Kanye West talks Chicago with Trump, who has long used the city as an example of “American carnage”

Impact

President Donald Trump will meet with rapper Kanye West on Tuesday to discuss a variety of issues, including job opportunities in Chicago — the city Trump has long used as a rhetorical punching bag and whose gun violence he has proposed controversial solutions for.

West, a vocal Trump supporter, will reportedly discuss job opportunities for ex-convicts and manufacturing jobs in Chicago with Trump and his son-in-law, Jared Kushner.

The meeting comes a day after Trump, during an address to law enforcement officials, called for Chicago to implement a “stop and frisk” policy to address the city’s gun violence.

“We’re going to straighten it out, and we’re going to straighten it out fast,” Trump told a gathering of law enforcement officials in Orlando, Florida, adding he’d directed the Department of Justice to visit Chicago.

“Let’s see whether or not Chicago accepts help,” Trump said. “They need it.”

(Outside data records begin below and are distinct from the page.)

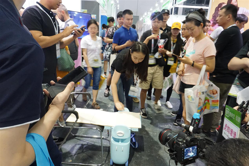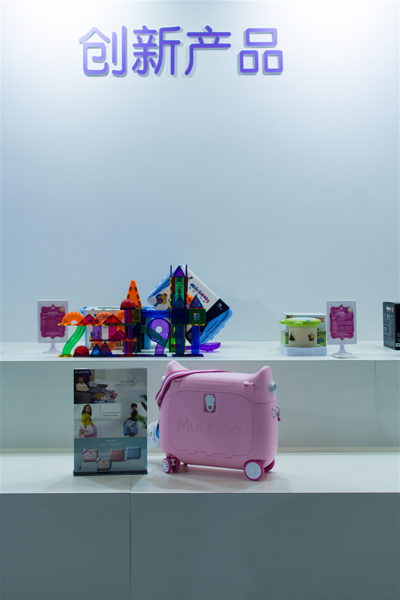 圖片標注:(MuuHoo魔禾兒童行李箱在CBME創新區域展示。)
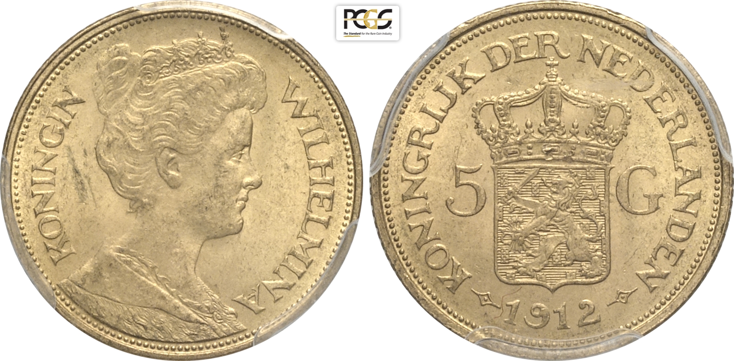 Netherlands, Wilhelmina I (1890-1948), 5 Gulden 1912, Utrecht mint, Au 18 mm, 3,36 g, in Slab PCGS MS63
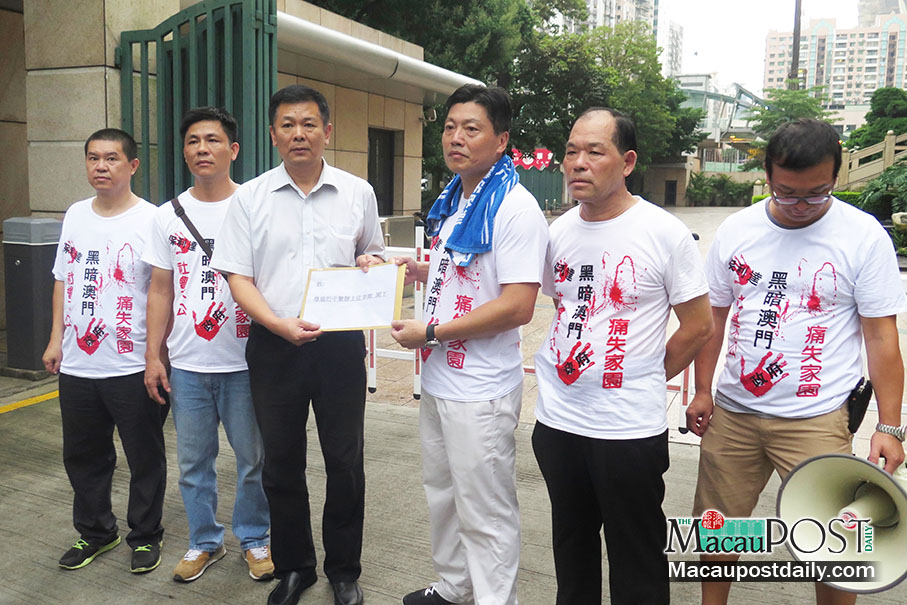 Pearl Horizon Condominium Owners United Association President Kou Meng Pok (third from right) submits a petition to an official outside Central People’s Government Liaison Office in Zape yesterday while fellow protesters look on. Photo: Davis Ip
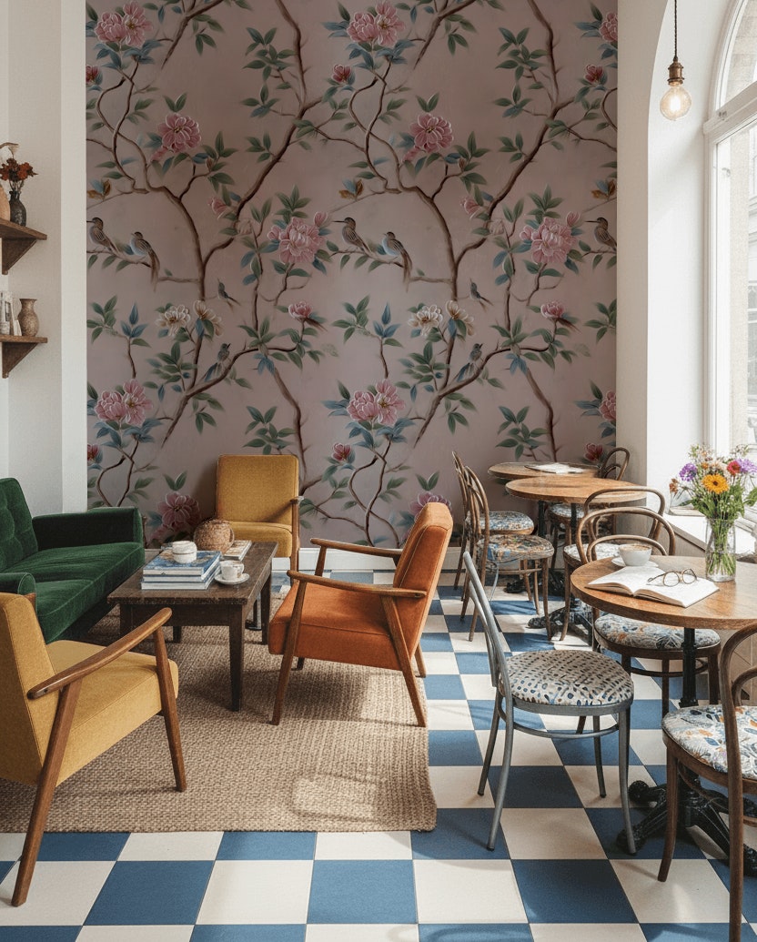 This elegant wallpaper includes delicate birds and floral patterns, capturing a traditional Chinoiserie style. The design showcases pink and green tones with intricate branches, ideal for vintage decor.

Trump has long used Chicago as a symbol of the “American carnage” plaguing U.S. cities he decried in his inaugural address in January 2017. That same month, he tweeted he’d “send in the Feds” to address gun violence there.

Chicago has long struggled with gun violence, with the city suffering 588 homicides in 2016 and 551 in 2017. As of Monday, 419 had been killed in Chicago so far in 2018, according to the Chicago Tribune.

Trump’s armchair violence solutions, however, have not been welcomed by the city.

In 2015, then-candidate Trump told the Tribune that Chicago police needed to get tougher to curb the violence. “You’re not going to stop it by being nice. You’re going to stop it by being one tough son of a bitch,” Trump said.

But according to a 2017 Justice Department report, Chicago police had been engaging in a “pattern or practice of using force, including deadly force, in violation of the Fourth Amendment of the Constitution.”

That investigation by then-Attorney General Loretta Lynch was launched in December 2015, following the police killing of black teenager Laquan McDonald. Jason Van Dyke, the Chicago police officer who shot and killed McDonald, was convicted Friday of second-degree murder and aggravated battery with a firearm.

Trump’s call for tougher policing in Chicago came Monday, just days after the Van Dyke verdict. He called for the city to implement a “stop-and-frisk” policy similar to the one Rudy Giuliani instituted as mayor of New York City, which has been criticized as racial profiling.

“It works, and it was meant for problems like Chicago,” Trump said.

Chicago Mayor Rahm Emanuel, whose decision not to run for re-election has been seen as a result of his handling of the McDonald shooting, rejected the president’s suggestion, saying such a policy would be “antithetical” to the city’s anti-violence initiatives.

“The failed policies he’s talking about have no place for a city that’s working together with communities about how to build not only trust, but a collaborative and cooperative relationship,” Emanuel said at an event Monday. “The idea of what President Trump’s talking about is not only not welcome, it’s antithetical to what we’re working on. And that is about a strong proactive professional police department.”

West, who was born in Atlanta but raised in Chicago, is expected to meet first with Kushner, a senior adviser to the president. He is then expected to have lunch with Trump, whom he has unabashedly supported in social media posts and bizarre public appearances.

Manufacturing jobs in Chicago are among the topics the rapper is expected to discuss with Kushner and Trump. Violence in the city has been linked in studies to lack of economic opportunity.